2) Only if they use server-side decorations only. In Wayland, client-side is mandatory and server-side optional. So if they do not have decorations, they are broken.
3) You client should use one of the big frameworks. On other operating systems, they are mandatory anyway. Only Linux allows your client connecting to compositor directly. Use that power responsibly. Frameworks bring lot of stuff implemented for you. If you reject that, it is up to you to implement that yourself.
4) You can't even with server-side decorations either.
Yes, with tiling, you get them. However, many apps have toolbar there, so you need it anyway.
Why?
https://gitlab.gnome.org/GNOME/gtk/-/merge_requests/6212
No negative signals for either Mutter or GTK here, but no strong positive signals either. Let's make sure we add our thumbs up, at least.
This is just because people do not use Wayland. But, like in the case of SystemD, it seems to be pushed behind their backs.
If GNOME does anything I personally don’t like it’s usually the result of a grand conspiracy by Red Hat to make the Linux desktop worse, increasing their consulting profits. (/s)
I must admit, I have wondered about the plausibility of this in the past. It seems like ironically, making a problem-free Linux would be a conflict of interest to Redhat, which makes more money the more problems it has.
Is there any particular reason you think it couldn't be the case? I could definitely see it within the realm of possibility, especially since they maintain a huge chunk of the ecosystem nowadays (Fedora/RHEL, GNOME, LibInput, Kernel development, NetworkManager, Pulseaudio/Pipewire, Systemd, Wayland, and probably even more in the future.)
Many of the contributes to these project, even when being employed by Red Hat don't always do this as their primary job, many do it because they want to. It just so happens many people that love the linux ecosystem and linux itself work at Red Hat.
Other then that, many project that are very unifying and don't create much 'conflict' are also lead or worked on by Red Hat people. Pipewire for example has been the opposite of 'conflict' for the most part. LVFS is another good example. Flatpak/Flathub are another great example (Maybe Ubuntu is the evil agent of chaos). Systemd is also almost universally adopted by ever major distro even if it created much conflict.
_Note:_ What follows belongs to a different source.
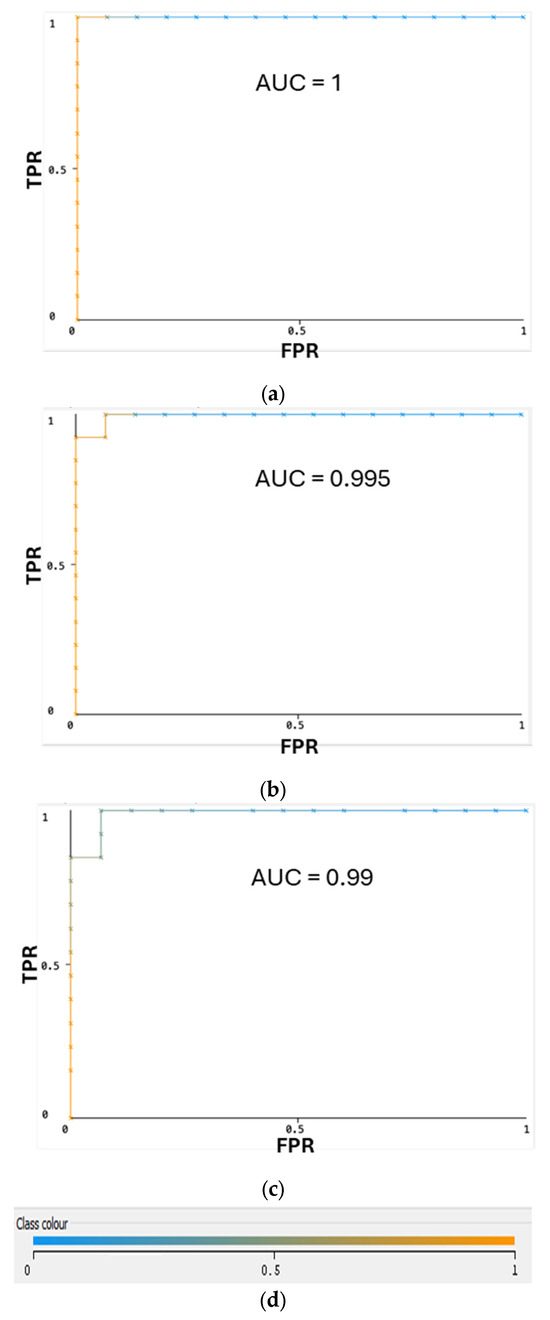 ROC curves for ML classifiers for the testing data set: (a) Multilayer Perception; (b) Naïve Bayes Multinomial; (c) Random Forest. (d) Color interpretation of ROC curves. Color represents threshold value set to get the best pair of true FPR/TPR point.
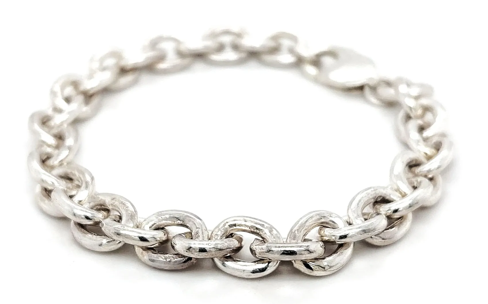 Classic and bold, this solid sterling silver belcher link bracelet features 9.3mm wide interlocking links, creating a timeless chain design that is both durable and stylish. Crafted from 925 sterling silver and weighing 39.7 grams, this bracelet combines a substantial, high-quality feel with everyday comfort. Its adjustable length of up to 9 inches ensures a perfect fit for most wrists. A versatile statement piece, this belcher link bracelet is ideal for everyday wear or special occasions and makes a thoughtful gift for birthdays, anniversaries, or heritage-inspired jewellery collections.

Somehow people can't decide if Red Had is an evil dictator wanting to control everything or if they are deliberately creating 'conflict' so nobody is in control.
The simple reality is, there are a huge amount of people with incredibly different opinions in the Linux space. Even different people employed by Red Hat also don't always agree with each other. So who is really the true Red Hat conspiracy agent?
Difference on opinion is fine as long as people work on their own stuff, but when it comes to unification, like Wayland protocols it just gets really hard. The reason there is KDE and Gnome is because of fundamental disagreements about goals and that will be reflected in how they think wayland properties should be installed.
P.S:
> making a problem-free Linux would be a conflict of interest to Redhat, which makes more money the more problems it has.
What is your actual evidence for this statement? If that was true, why are they working on all those projects. Objectively things like Pipewire, LVFS, Flatpak, Systemd have been major improvements to the ecosystem.
It’s like saying you should use the same file access algorithms for a RAM disk and punch cards. No you shouldn’t!